Na medida em que esse sacado tiver criado dois sistemas distintos, um para o grande e outro para o pequeno, talvez encontre um meio termo, que atenda a ambos.
 

Acho que vai depender muito de negociação e talvez abra as portas para uma operação de trava perfeita, com o consentimento do sacado.
 

O mercado é criativo e certamente vai encontrar as suas soluções, melhores do que as praticadas hoje, pois, sem qualquer segurança jurídica, como é o caso da compromissária, travas parciais, boletos especiais, contas por procuração ou scrow.
 

Não sei se o volume de negócios vai aumentar, pois de uma forma ou de outra, essas operações já eram em parte realizadas, mas com certeza a segurança jurídica vai aumentar muito, evitando o risco da inadimplência do cedente.
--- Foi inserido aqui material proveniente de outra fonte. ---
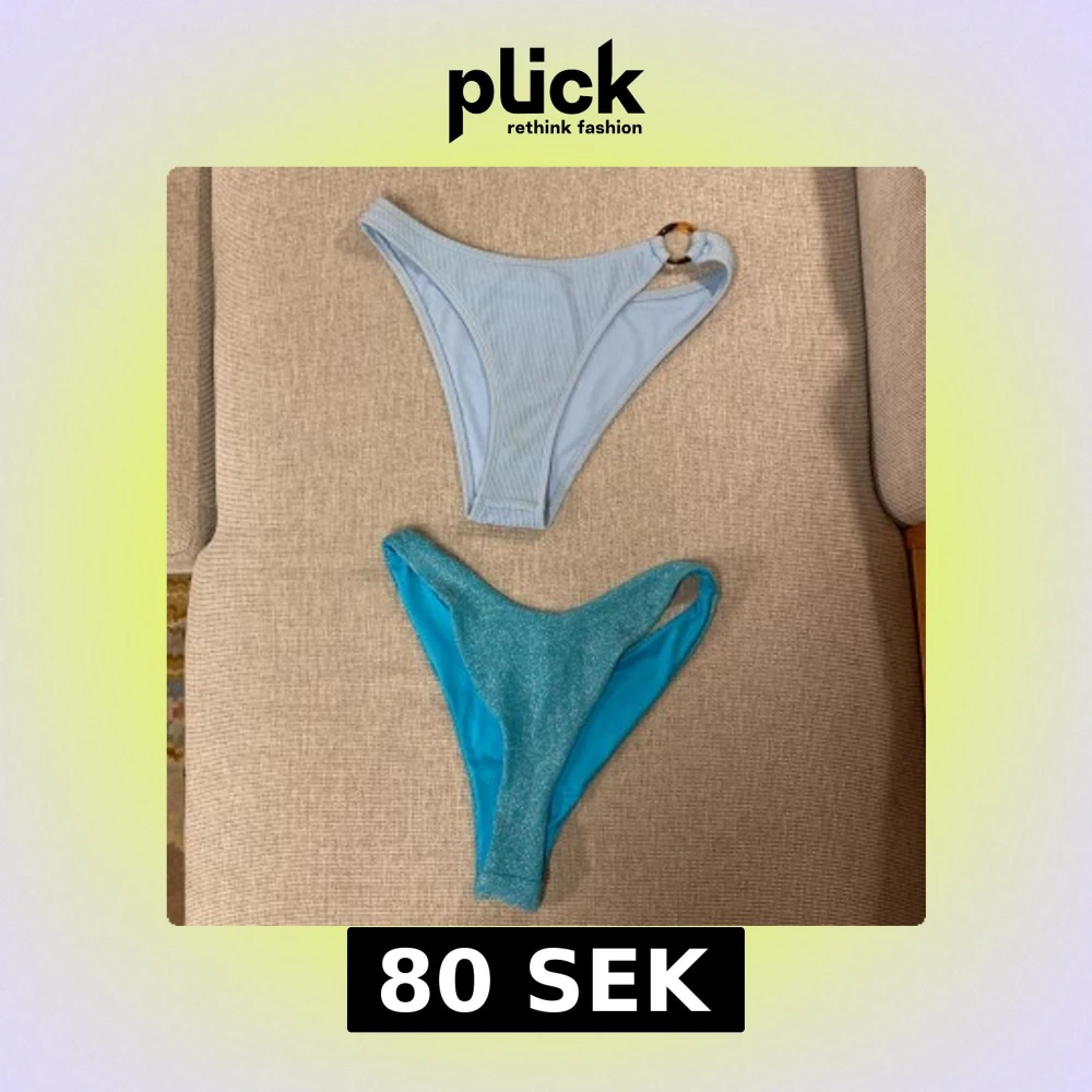 Säljer två blå bikiniunderdelar från Bik Bok. En ljusblå ribbad med ringdetalj i sidan och en glittrig turkosblå med ännu högre midja. Båda för 80kr eller den ena för 40kr!

Outros acreditam que se o pequeno exigir a aplicação da lei, perderá o cliente grande.
 

Isso pode até acontecer, mas o fato é que o grande compra do pequeno, porque ele tem bons produtos, preços e, principalmente, prazo de entrega. Afinal, os grandes magazines trabalham “just in time”, e o pequeno acaba financiarndo o giro de estoque dos grandes, e isto não vai mudar.
 

Tenho dito que a lei vai estabelecer um equilíbrio de forças entre o grande e pequeno, facilitando a negociação do pequeno, que pode inclusive reivindicar o pagamento à vista.
 

Entre pagar à vista ou permitir a negociação, sob regras claras que ele pode ditar, com certeza o mercado vai encontrar um caminho com mais justiça para o pequeno e mais segurança jurídica para o nosso setor.
 

Vale lembrar que a recusa de pagamento a terceiros já não acontecia só com os grandes sacados, mas estava evoluindo também para os médios e pequenos, que se aproveitavam da situação. Enquanto isso, nosso mercado encolhia e perdia os títulos de melhor qualidade, mesmo devidamente performados.
 

Agora, é hora de comemorar e agradecer.
 

Jantar da vitória
 

No próximo dia 11 de setembro, às 19h30, no Rubaiyat da Alameda Santos, promoveremos, juntamente com a ANFAC, um jantar, em comemoração à nossa grande conquista – a inclusão do art.73-A no Estatuto Nacional da Micro e da Pequena Empresa. 
 

Nesse jantar, esperamos ter o deputado federal Claudio Puty, relator desta importante lei e que muito nos ajudou nesta empreitada. Sem o seu apoio, seria impossível a nossa vitória, ou mesmo jogar o jogo, pois ele era o dono da bola.
 

Quem milita no Congresso Nacional  sabe muito bem que uma lei específica para um setor pode custar alguns milhões, e no nosso caso, conseguimos obter este resultado positivo com muito trabalho e boa vontade de todos os que nos ajudaram.
 

Estamos construindo um relacionamento de longo prazo com o Congresso, e desejamos apoiar quem sempre esteve ao nosso lado.
 

Queremos dar o apoio de forma transparente e cristalina, observando todos os padrões legais e de ética. Por isso, convidamos a classe a fazer doações de campanha diretamente na conta da campanha eleitoral do deputado que dará inclusive o respectivo recibo.
 

VII Simpósio
 

No próximo dia 25 de setembro, realizaremos o nosso VII Simpósio, na FECOMERCIOSP, das 8 às 13 horas.
 

Já confirmamos a participação do ex-ministro Delfim Netto, que falará sobre as perspectivas econômicas para 2015; dos deputados Laércio Oliveira e Guilherme Campos, que repercutirão o nosso art. 73-A e a inclusão do fomento comercial no novo Código Comercial. Também contaremos com o palestrante motivacional Alfredo Rocha e a jornalista e analista política Salete Lemos, que tratará das perspectivas sobre as eleições deste ano e suas consequências para o país.
 

Com certeza serão eventos inesquecíveis e contamos com a presença maciça de nossa categoria, mais do que nunca unida na comemoração desta grande vitória. Juntos, empreenderemos ações transformadoras que nos guiarão para um futuro melhor.

 

Hamilton de Brito Junior é presidente do SINFAC-SP.